Sutton asserts that the City's rationale is pretextual because the City had a history of discrimination against African American officers. (D.I. 48 at 16.) The record does not support that assertion. Sutton testified that he was not aware of any policies, procedures, or customs of race discrimination in the City. (A21.) Two of the four officers that were moved up to the K9 Unit in the relevant years were African American: Dorsey in 2009, and Brown in 2010. (D.I. 40, A14; A202-35.) Importantly, Sutton himself served as a member of the K9 Unit for nine years, and was relieved only when he voluntarily transferred to his current position. (D.I. 4, ¶ 2.)

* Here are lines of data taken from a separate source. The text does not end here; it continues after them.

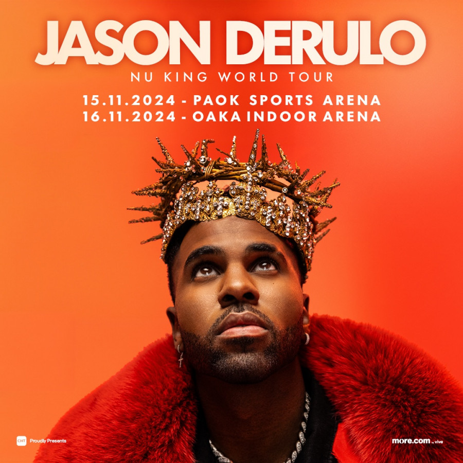 Ο Σουπερστάρ Jason Derulo έρχεται στην Αθήνα και την Θεσσαλονίκη με μια φαντασμαγορική υπερπαραγωγή, στο πλαίσιο του NU KING WORLD TOUR 2024, στις 15 Νοεμβρίου 2024 στη Θεσσαλονίκη, στο PAOK SPORTS ARENA και το Σάββατο 16 Νοεμβρίου 2024 στην Αθήνα, στο OAKA INDOOR ARENA.
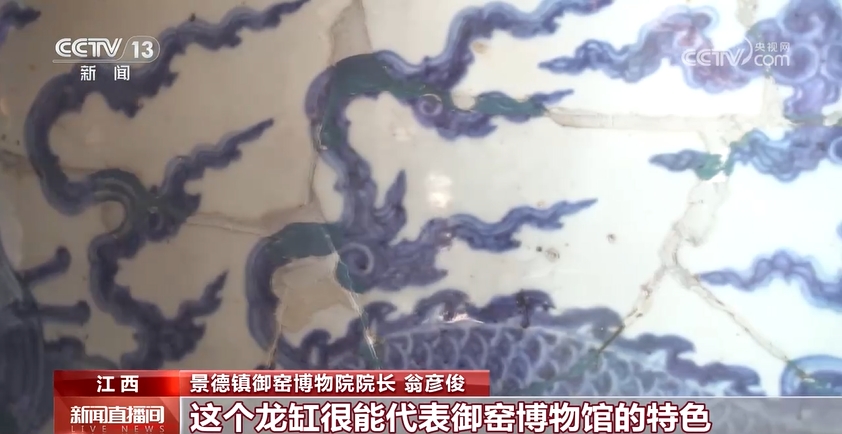 景德鎮(zhèn)御窯博物院院長 翁彥俊:我們的所有的展品都來自于我們身后的御窯廠,通過考古挖掘出來的。當年御窯對落選品的處理制度非常嚴格,不合格的就要打碎還集中掩埋,所以我們能夠發(fā)現這么多的碎片,并且能夠把它拼對出來。這個龍缸很能代表御窯博物館的特色。
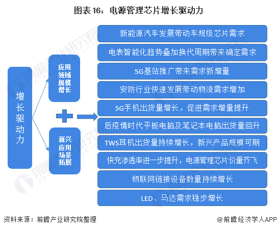 由于应用领域规模增长和新兴应用场景的拓展,预计未来电源管理芯片行业将迎来爆发式增长。应用领域规模增长及新兴应用场景的拓展是电源管理芯片主要的增长驱动力。
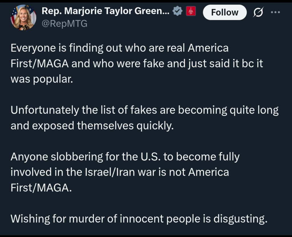 Et je rajouterai que toute la sphere republicaine-patriote americaine est tres tres remontée contre Trump et va frainer des 4 fers pour empecher que les USA entrent en guerre.
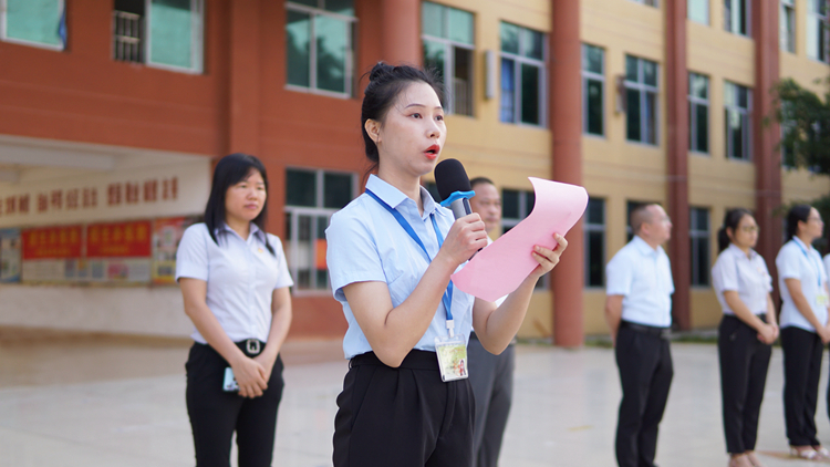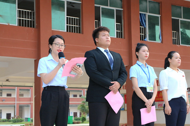 校長(zhǎng)助理黃秋霞主持升旗儀式
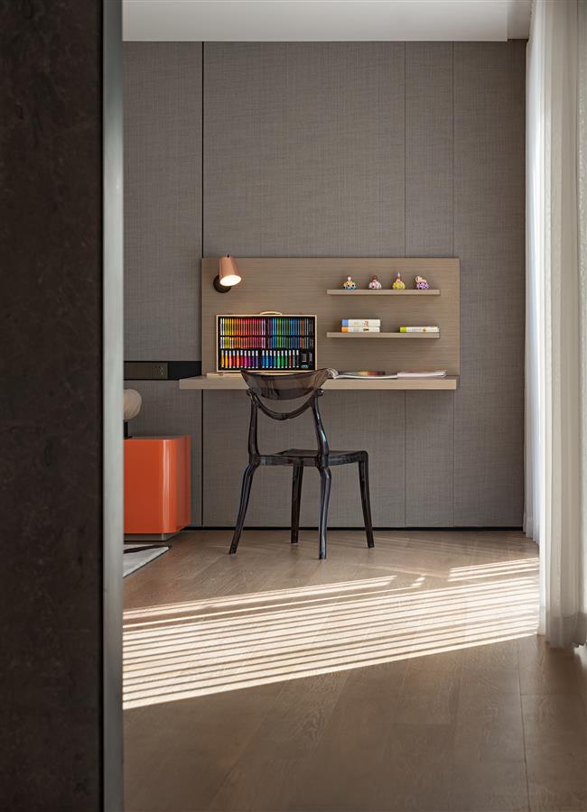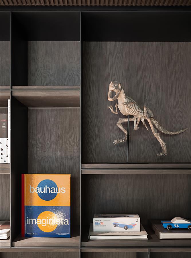 設計師賦予孩童的空間以生活方式的動態(tài)變化感,以藝術(shù)化的解構(gòu)手法讓空間極具包容性。沉穩(wěn)的墨青調(diào)與窗外蒼翠相映,詮釋獨屬于男孩房的充沛活力,豐富的物件伴隨著居者的成長步伐,存續(xù)無限記憶。
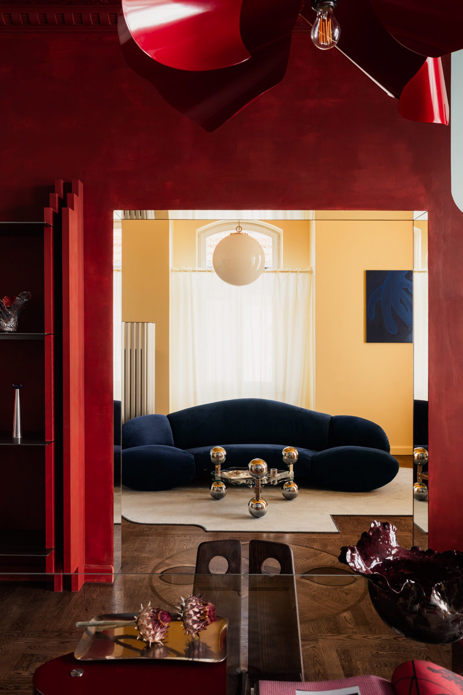 Monika Rogusz-Witkoś de COI Studio, basé à Wrocław, a choisi des pans de bois aux couleurs éclatantes, du velours et de la soie pour créer cet appartement sculptural, sensuel et légèrement surréaliste à Poznań, en Pologne.
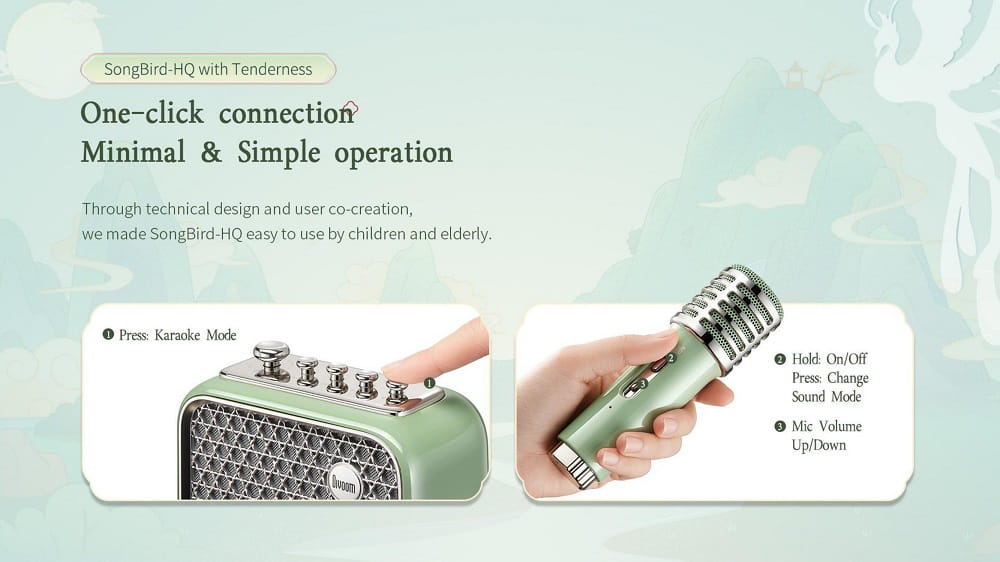 SongBird ma elegancki i nowoczesny wygląd z metalową maskownicą i gumowanym wykończeniem, które zapewnia wygodny chwyt. Jest dostępny w dwóch różnych kolorach: białym i zielonym. Głośnik jest również lekki i łatwy do przenoszenia, dzięki czemu idealnie nadaje się do zajęć na świeżym powietrzu, podróży lub po prostu do słuchania muzyki w domu.

Sutton also claimed that Dwayne Cottingham ("Cottingham"), Anthony Bowers ("Bowers"), and Dorsey each applied for transfers, but were not chosen because of their race. (A22 at 114.) Cottingham did apply in 2008 to be a School Resource Officer ("SRO"), but the department chose Daniel Martinez ("Martinez") instead. (D.I. 41, ¶ 10.) Martinez is also a minority male. (Id.) A reassignment from turnkey to SRO would also be a lateral transfer rather than a promotion. (Id.) Similarly, Bowers was transferred to the Federal Marshall's Office, and then transferred again to the Special Operations Division and is currently an SRO. (Id., ¶ 9.) As discussed previously, Dorsey applied and was chosen for the K9 Unit in 2009. (Id., ¶ 8.)
Sutton also failed to satisfy the burden to prove the City's rationale was pretextual as to his age discrimination claim. Sutton alleges that Henry's telling him she "did not see him staying ambitious on the street for the next five years" signaled discrimination about his age. (D.I. 4, ¶ 11.) Sutton also points to a comment on the K9 Selection Process document that points out that his age may be a "liability." (A202.) However, the City asserts that these comments were mainly in reference to Sutton's failure to properly train the dogs in his previous years as a K9 Handler. (D.I. 40 at 17.) Indeed, comments on other K9 Selection Process dpcuments are wary of Sutton's history in the unit. (Id., A102-03.) One document questions Sutton's ability to meet the physical demands of the job, discusses Sutton's previous K9 Handler shortcomings that "will not have changed," and concludes that Sutton's likely inability to coax a dog.'s "play and prey drive" would be unfair to a K9 partner. (Id.)
Sutton also asserts that Witte's comment to Sutton about his age after the 2009 interview reflected the panel's decision to not hire Sutton due to his age. (A17, A159-61.) However, comments by individuals outside of the decision-making chain are stray remarks which, standing alone, are inadequate to support an inference of discrimination. See Walden v. Georgia-Pacific Corp., 126 F.3d 506, 521 (3d Cir. 1997). Witte was not a decision maker concerning the selection of the K9 Handler, and concedes that his comment was based on his personal opinion. (A13, A161.) Sutton pointed to no evidence in the record to establish the City's rationale was pretextual.
For the foregoing reasons, the court grants the City's motion for summary judgment. (D.I. 39.)